╭─ SUPPLIED DATA

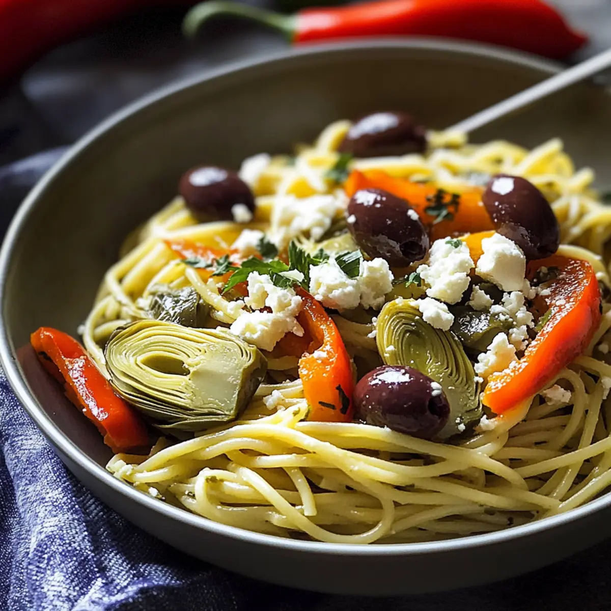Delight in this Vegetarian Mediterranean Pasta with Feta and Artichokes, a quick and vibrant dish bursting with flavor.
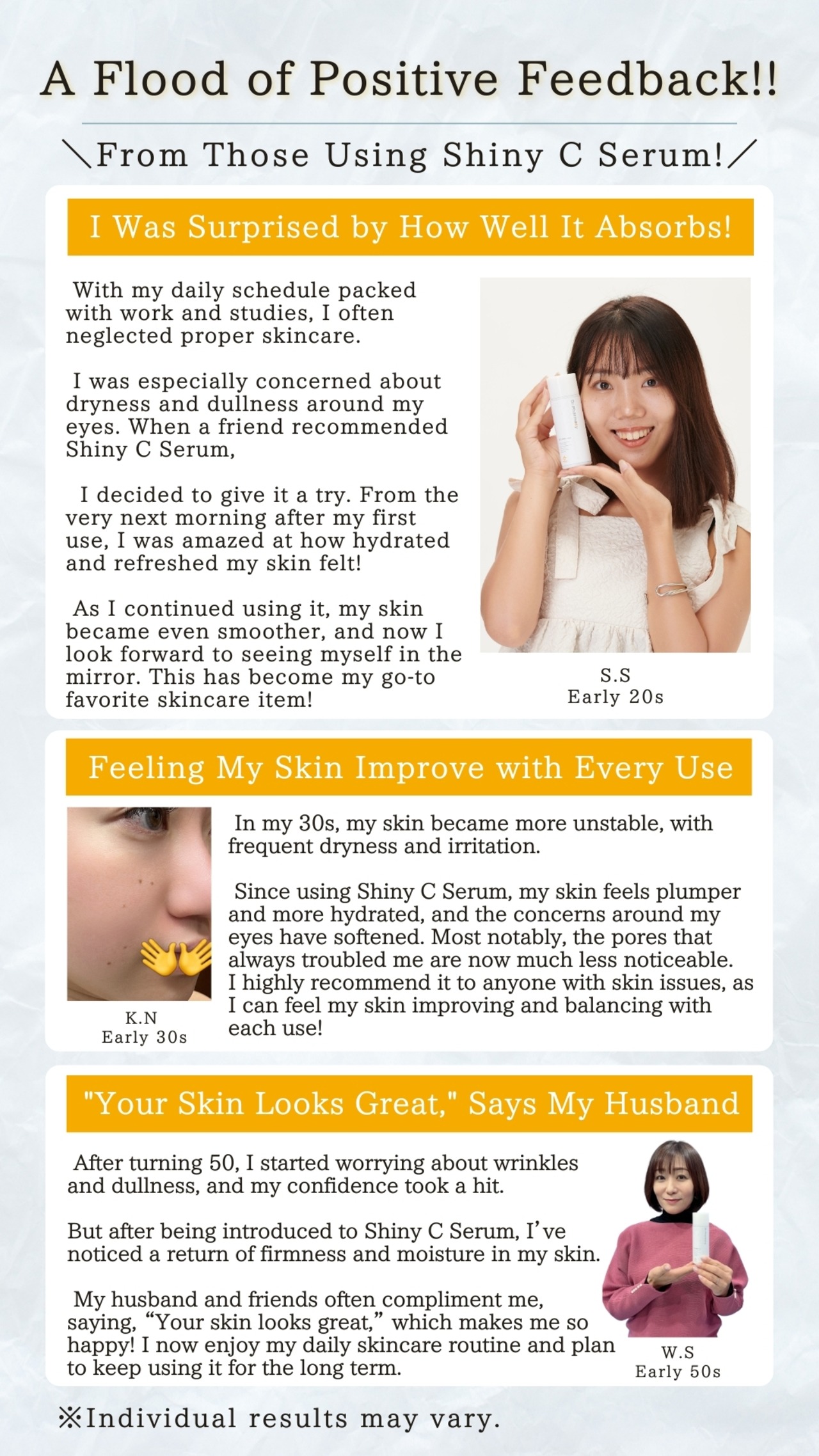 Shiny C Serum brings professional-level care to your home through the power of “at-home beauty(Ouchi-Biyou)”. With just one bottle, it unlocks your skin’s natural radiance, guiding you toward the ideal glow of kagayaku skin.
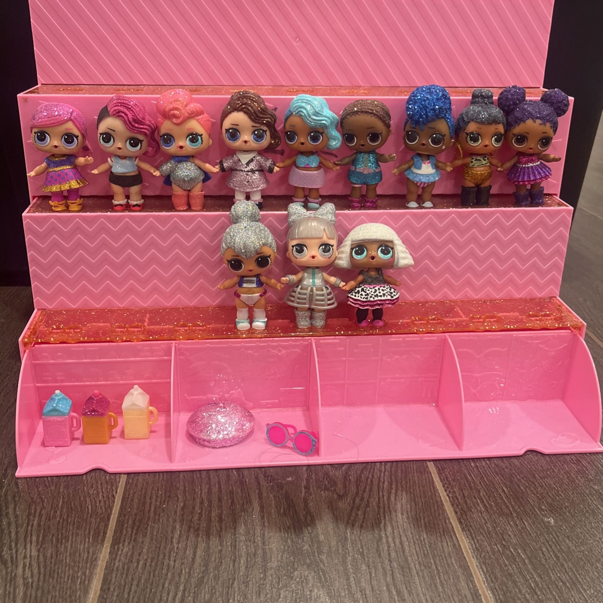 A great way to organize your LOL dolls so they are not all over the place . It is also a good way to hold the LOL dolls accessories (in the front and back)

╰─

## TASK INSTRUCTIONS
In your copy of the material, every word must match and no image should appear.

## TASK RESPONSE
Delight in this Vegetarian Mediterranean Pasta with Feta and Artichokes, a quick and vibrant dish bursting with flavor.
 Shiny C Serum brings professional-level care to your home through the power of “at-home beauty(Ouchi-Biyou)”. With just one bottle, it unlocks your skin’s natural radiance, guiding you toward the ideal glow of kagayaku skin.
 A great way to organize your LOL dolls so they are not all over the place . It is also a good way to hold the LOL dolls accessories (in the front and back)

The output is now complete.